Although introduction of UAAs provides new chemical diversity and functionality, proteins containing UAAs usually show reduced activity and lower stability (37–40). Directed evolution has proved to be effective in improving proteins containing UAAs. Tirrell and colleagues have constructed a variant chloramphenicol acetyl transferase (CAT) and a green fluorescent protein (GFP) by global replacement of the leucine residues by 5,5,5-trifluoroleucine (TFL). However, the native functions of variant proteins were sacrificed after replacement. Three rounds of iterative random mutagenesis and screening generated a CAT TFL variant with similar stability to the wild type enzyme (39). Eleven rounds of error-prone PCR and fluorescence activated cell sorting (FACS) restored the fluorescent activity of TFL-replaced GFP (40). To discover and evolve novel binding proteins containing UAAs, Schultz and colleagues used a phage display strategy in combination with X-E.coli (expressing orthogonal aaRS-tRNA pairs). They demonstrated that a 21 amino acid code (containing a genetically encoded sulfotyrosine) can confer a selective advantage in a phage-based system for the evolution of antibodies binding to gp120, the HIV coat protein (38). Later, they reported the generation of antibodies in the Boro-X-E.coli that encodes p-boronophenylalanine (BF), which has an intrinsic affinity for diols in glycans. From a mutant library generated by saturation mutagenesis, specific clones containing BF were identified from selection for binding to an acyclic glycan (37). These findings demonstrate that directed evolution is an effective tool for improving proteins containing UAAs with novel functions that cannot be obtained from Darwinian evolution in nature.

2.3 De novo protein design

While most useful biocatalysts were obtained through engineering of natural enzymes as mentioned above, the ability to de novo construct a functional enzyme capable of catalyzing a desired chemical reaction has great potential in a variety of applications. However, de novo protein design represents an overwhelming challenge. To address this challenge, the Baker group applied computational approaches to the de novo design and construction of proteins with particular properties (41–43). For example, Rothlisberger and coworkers used a computational enzyme design methodology to create a new enzyme catalyzing the Kemp elimination reaction, for which no naturally occurring enzyme exists (42). With the help of the RosettaMath algorithm (44), they created idealized active sites, introduced additional functional groups, and searched for protein backbone configurations. The designed enzymes had k_cat/K_m values in the range of 6 to 160μM⁻¹μs⁻¹, which was not optimized because the design process did not clearly model configurational entropy changes, longer-range second-shell interactions, and other dynamics parameters that can be important for efficient turnover. Therefore, a directed evolution strategy, without the need to model so many unknown parameters, was used to increase the catalytic activity of the designed enzyme. A total of seven rounds of random mutagenesis and DNA shuffling were carried out followed by screening in microtiter plates. Finally, several variants were successfully identified that showed an improvement of >200-fold in k_cat/K_m and contained 4-8 mutations. In this respect, directed evolution can serve as a valuable tool in improving the computationally designed biocatalysts. On the other hand, the improved catalysts from the directed evolution endeavor can provide valuable insight on the missing parts from the computational design and further improve the design methodology.

3. Pathway level

The synthesis of natural or unnatural products in microorganisms often involves the introduction of a metabolic pathway, which usually involves more than one heterologous gene. By coupling multiple enzymes to create a metabolic pathway in a single cell, one eliminates the need for purification of the chemical intermediates prior to the next reaction step. To achieve maximal product yield, the enzymatic activities of the pathway components need to be optimized and the expression levels of several genes of a metabolic pathway need to be regulated. In this respect, the directed evolution strategy has proven to be effective in addressing those challenges.
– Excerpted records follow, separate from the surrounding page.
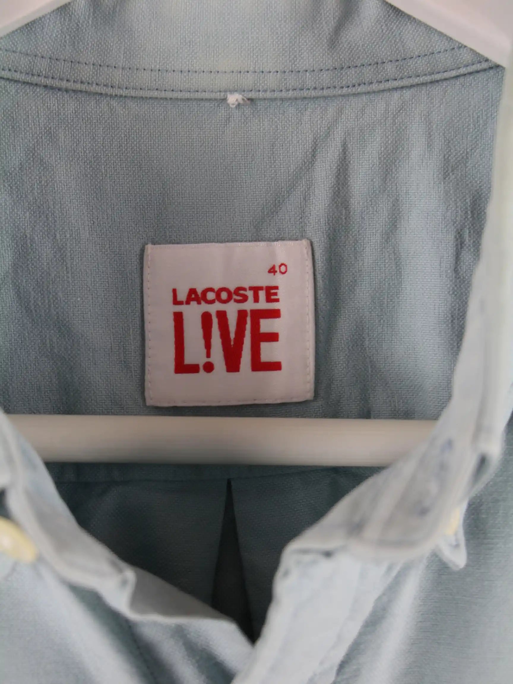 Blaues Hemd von Lacoste in Größe M. Es ist aus Baumwolle gefertigt und in gutem Zustand auf Lager.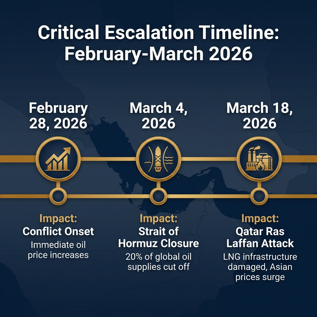 - February 28, 2026: Conflict onset, immediate oil price increases as markets priced geopolitical risk premium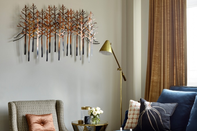 «Чрезвычайно важно было выделить под занятия творчеством максимально большую площадь, наполнить ее светом и создать атмосферу, которая будет вдохновлять», - рассказывает Татьяна Аленина. К тому же, квартира имеет идеальное для своей функции расположение: из панорамных окон видны ажурные ветви деревьев, отчего кажется, что это вовсе не городское жилье, а загородный дом, где ландшафт является неотъемлемой частью интерьера. Тема природы, листьев, земли, коры деревьев, мха стала ключом к декоративному решению пространства, определила цветовое решение и выбор отделочных материалов.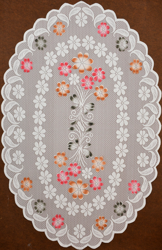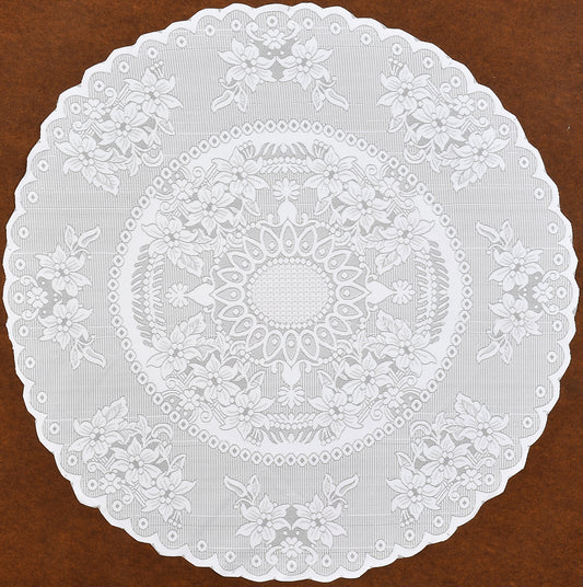 Bigger Fish 6 Seater Floral Design Poly Cotton Round Table Cover (60x60 Inch) (White)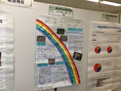 県中学校文化祭・その1 公開日 2022/10/09 更新日 2022/10/09 山室中学校のページ 10月9日(日) 11:00 高岡文化ホールでは、富山県中学校文化祭を開催しています。 ステージ発表、発表会、展示発表があります。 山室中学校からは、美術、書道、特別展示、新聞・文芸部門に出品しました。 どれも力作揃いです! (写真 上:書道 中:特別展示 下:新聞)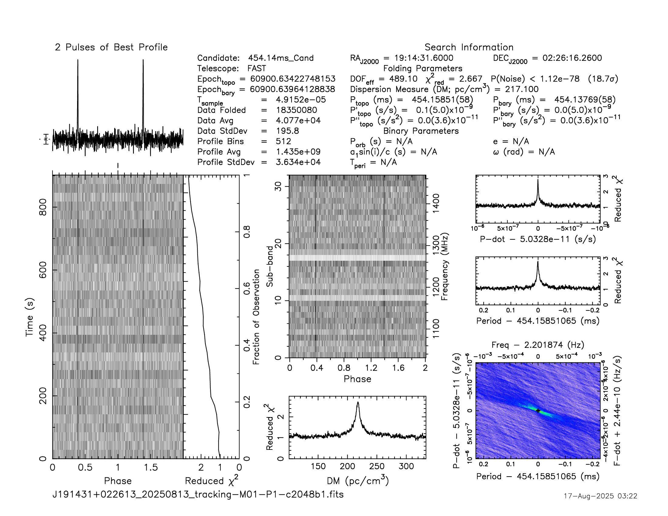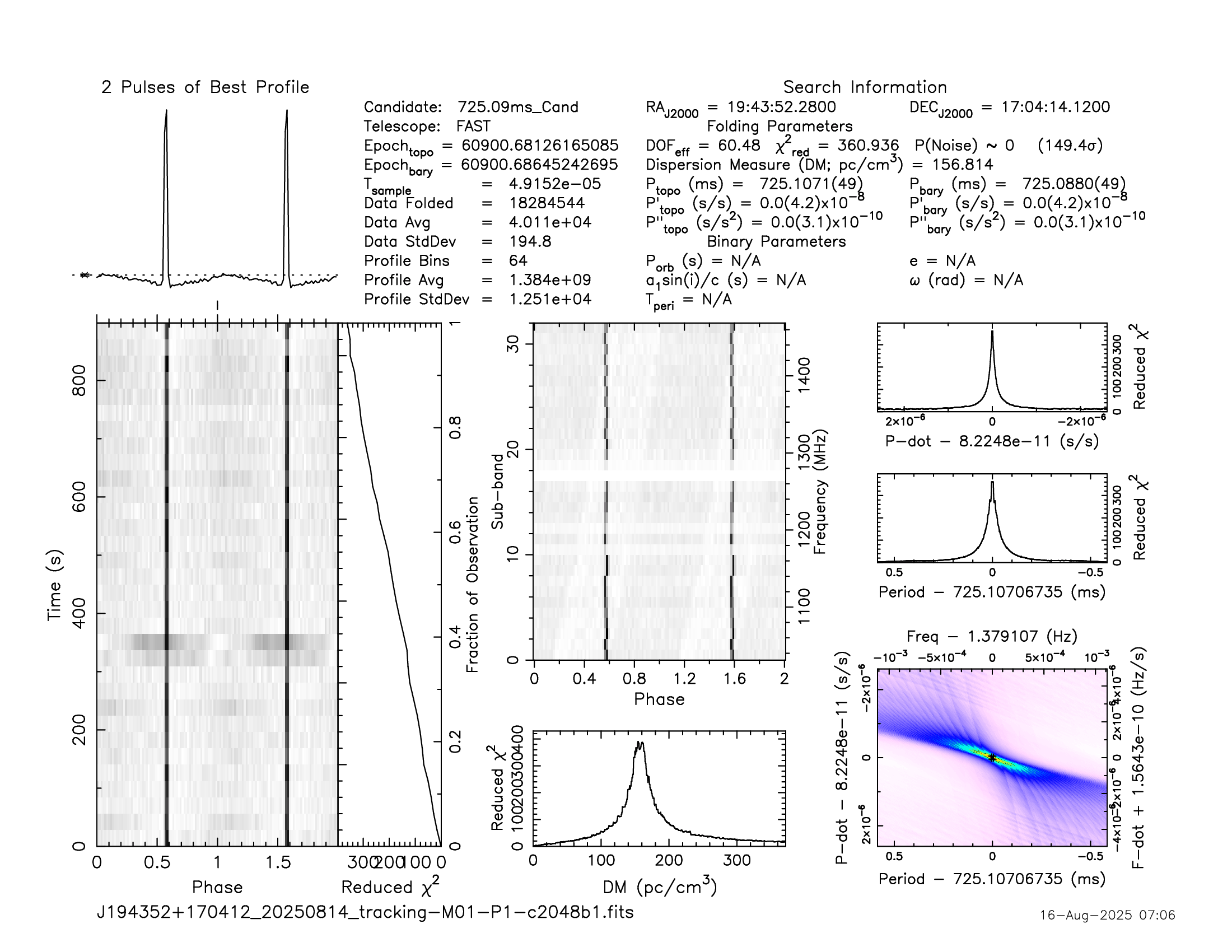 J2052+4421g | gpps0019 | 0.37531 | 543.8 | 20:52:49 | +44:21 | 20200219 | 20200331; 20200607; 20200812 | 20200928 | FollowUP=JingWC; 20211027updateRA; 20241124updateDM | hww+21; |

Biofuels synthesized from renewable resources are of increasing interest because of global energy and environmental problems. Previously, it has been demonstrated by the Liao group that the production of higher alcohols from E. coli can be achieved by using a 2-keto acid-based pathway (10). For example, 1-propanol and 1-butanol can be synthesized through 2-ketobutyrate, which is a degradation product of threonine. In other species, 2-ketobutyrate can be obtained through a shorter and more direct route, the citramalate pathway (45). In this pathway, (R)-citramalate synthesized from pyruvate and acetyl-CoA by citramalate synthase (CimA) is then converted to 2-ketobutyrate. Since the CimA from Methanococcus jannaschii has low activity in E. coli, directed evolution was utilized to evolve the heterologous pathway (46). The selection was performed in L-isoleucine auxotrophic E. coli, whose growth in minimal medium can be rescued by an active citramalate pathway synthesizing 2-ketobutyrate. Thus, the growth rate of the cell in minimal medium reflected the activity of the citramalate pathway. After six rounds of mutagenesis and selection under increasing selection pressure, a CimA mutant was identified that was more active and was also insensitive to feedback inhibition. This variant enabled 9- and 22-fold higher production levels of 1-propanol and 1-butanol, respectively, compared to the strain expressing the wild-type CimA.
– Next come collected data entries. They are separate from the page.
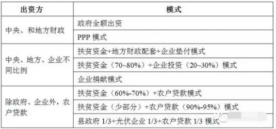 在國(guó)家扶貧辦、國(guó)家能源局的領(lǐng)導(dǎo)下,各地充分結(jié)合本地區(qū)的條件,開展了各種模式的光伏扶貧。在此,以不同的資金結(jié)構(gòu)、運(yùn)作模式進(jìn)行劃分,列舉幾個(gè)比較典型的模式。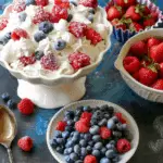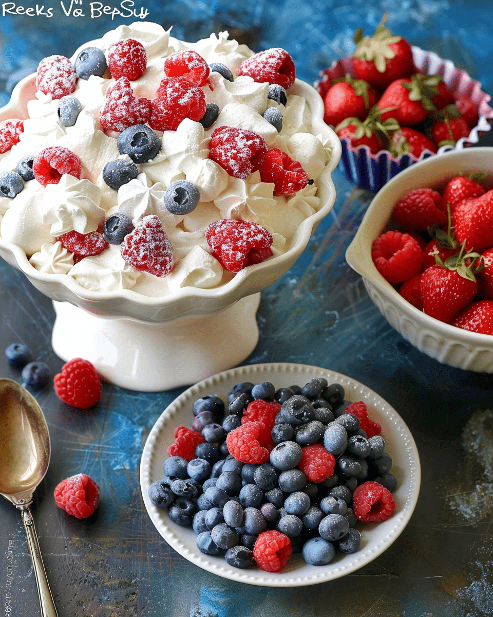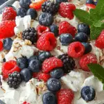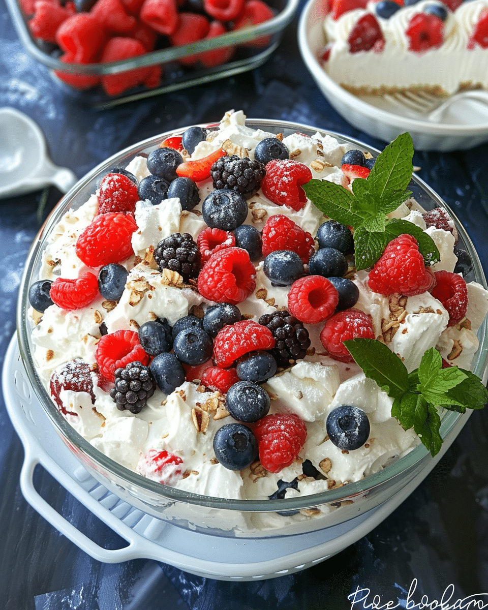 You’ll love this cheesecake salad for its perfect balance of creamy and fruity textures. It’s cool, refreshing, and comes together in minutes—no baking required. The red, white, and blue color scheme makes it especially fitting for the Fourth of July or Memorial Day, but it’s also a crowd-pleaser for potlucks and cookouts. Sweet, tangy, and rich, it’s a fun twist on traditional fruit salad that feels indulgent but is incredibly simple to prepare.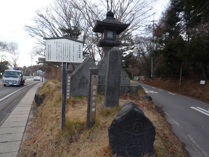 11月の最後の週末も歩きました。実は次回は12月を予定していましたが、週間天気予報を見ると今度の土日は天気がいい。これから益々日が短くなるし、雪の碓氷峠越えは止めたいので急遽実行しました。結果は、天気に恵まれた気持ちよい41kmでした。 6時過ぎに家を出て大宮経由で佐久平へ。9時少し前のバスで前回終点の八幡宿の八幡神社に到着、今回の旅の無事を祈って9時15分に出発しました。快晴、気温5度の絶好のコンディション。左手に浅間連峰を見ながら順調にスタートしました。 10時に塩名田宿に到着、小さい宿場ですが、宿内に千曲川が流れ、各家には昔の屋号を建て掛けるなど宿場の雰囲気を出しています。食料品屋の親父が塩名田宿のパンフレットをくれましたが、良く見るとこの家にも「本陣 丸山善兵衛」の看板がありました。 更に歩を進めると、道沿いにりんご園が続きます。時期的には終わりかけていますが、所々に真っ赤なりんごが生っていました。13時20分に小田井宿に到着。ここは古い町並みが続く宿場で、しっかり保存もしているので大変心休まる場所でした。 15時に追分宿のはずれにある「分去れ」(わかされ)に到着。北国街道(善光寺道)と中山道の分岐点ですが、現在はこの間を国道18号線が走っています。脇本陣油屋は堀辰雄が定宿としていましたが、現在は修復のため休業中です。又、近くに泉洞寺があり、歯痛止めの仏様と親しまれているユニークな石仏がありました。この後、堀辰雄文学記念館と郷土館を見学して、少し先のゆうすげ温泉旅館に投宿しました。 |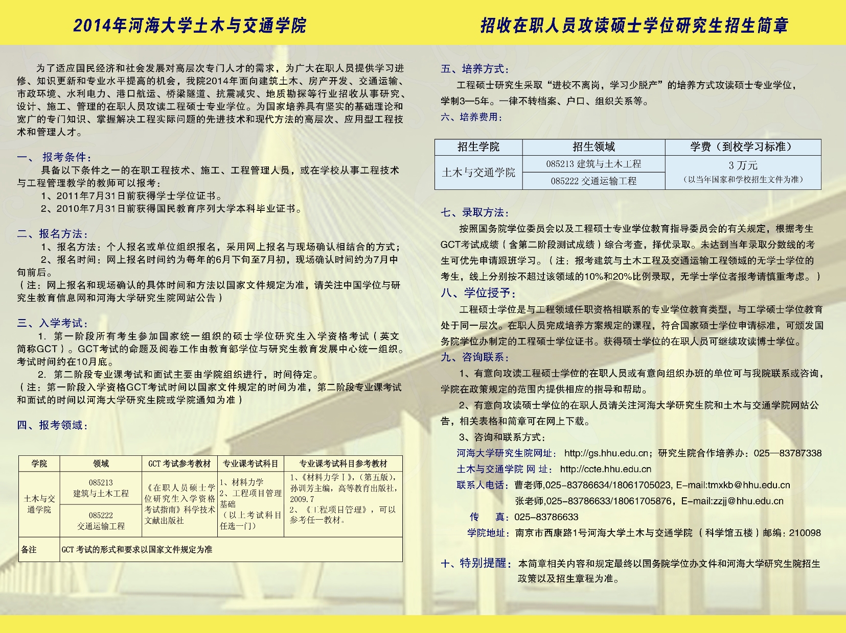 2014年开云电竞网土木与交通学院招收在职人员攻读硕士学位(非全日制工程硕士)招生简章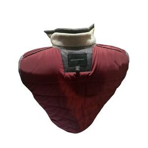 Banana Republic men’s quilted puffer vest in size XL. Features a two-tone design with medium gray body, darker contrast yoke, and maroon interior lining. Full zip front with stand collar, horizontal quilted panels, and side pockets. Lightweight yet warm, perfect for layering in cool weather or casual outings. Made of cotton, polyester, and nylon blend shell with polyester lining and fill. Pre-owned and in excellent condition with no stains, holes, or major signs of wear. Stylish and practical wardrobe staple for fall and winter.

Similarly, based on the 2-keto acid pathway, Zhang and coworkers have expanded the natural metabolic capability of E. coli to synthesize a nonnatural amino acid L-homoalanine, which is an important chiral drug intermediate (47). In E. coli, native glutamate dehydrogenase (GDH) converts 2-ketoglutarate into L-glutamate in the presence of cofactor NADPH. To make GDH a biocatalyst producing L-homoalanine, they engineered GDH with new substrate specificity towards 2-ketobutyrate by directed evolution. Four conserved residues in the substrate binding pocket were randomized by site-saturation mutagenesis to make a library with 2 million independent clones. The selection was performed in valine auxotrophic E. coli, whose growth in minimal medium can be rescued by mutant GDH-catalyzed amination of the valine precursor 2-ketoisovalerate. As a result, the specificity constant k_cat/K_m of the best mutant towards 2-ketobutyrate is 50-fold higher than that towards the natural substrate 2-ketoglutarate. In a fermentation study, over-expression of the mutant GDH in the metabolically engineered E. coli strain yielded 5.4 g/L L-homoalanine from 30 g/L glucose, which is 26% of the theoretical maximum. These two examples demonstrate that directed evolution can be a powerful tool for improving the activity of certain pathway enzymes so as to maximize the production of non-growth-related products such as biofuels and pharmaceutical intermediates.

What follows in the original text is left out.